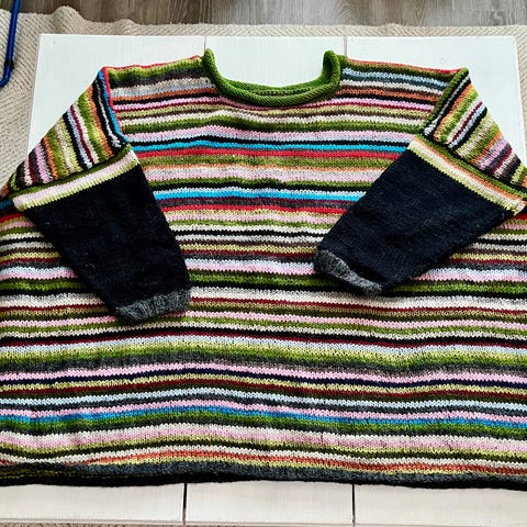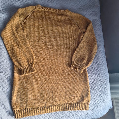 Itse neulottu Ravello -villapaita, koko M-L. Kainalo-kainalomitta 50 cm, olkapää-helma 60 cm, hihan pituus kainalon alta mitattuna 47 cm
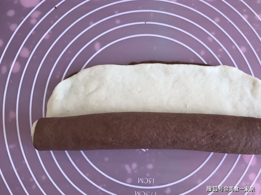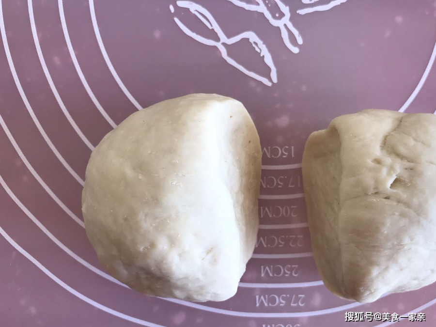 11.白色面团醒发完成后,同样取出揉面排气,平均分成2份
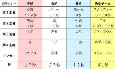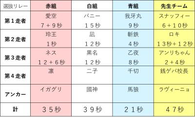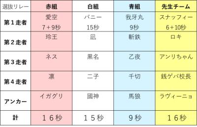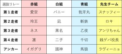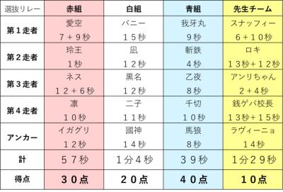 民「現在1位青組 2位赤組 3位白組 4位が先生チームです!」
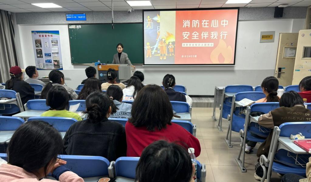 11月13日,在新生安全文明卫生月活动圆满结束后,财会金融学院教师第一党支部持续在学生中推进安全及行为养成教育。通过秋冬季消防安全主题班会,学习了消防安全知识,模拟火灾逃生场景,进一步增强了同学们的消防安全意识和自救能力。同时,班会还强调了文明行为养成的重要性,引导同学们在日常生活中自觉遵守校规校纪,共同营造安全、和谐、文明的校园环境。
###
Make an exact copy of the listing. Do not carry over its pictures.

== RESPONSE FOR THIS EXERCISE ==
 Itse neulottu Ravello -villapaita, koko M-L. Kainalo-kainalomitta 50 cm, olkapää-helma 60 cm, hihan pituus kainalon alta mitattuna 47 cm
 11.白色面团醒发完成后,同样取出揉面排气,平均分成2份
 民「現在1位青組 2位赤組 3位白組 4位が先生チームです!」
 11月13日,在新生安全文明卫生月活动圆满结束后,财会金融学院教师第一党支部持续在学生中推进安全及行为养成教育。通过秋冬季消防安全主题班会,学习了消防安全知识,模拟火灾逃生场景,进一步增强了同学们的消防安全意识和自救能力。同时,班会还强调了文明行为养成的重要性,引导同学们在日常生活中自觉遵守校规校纪,共同营造安全、和谐、文明的校园环境。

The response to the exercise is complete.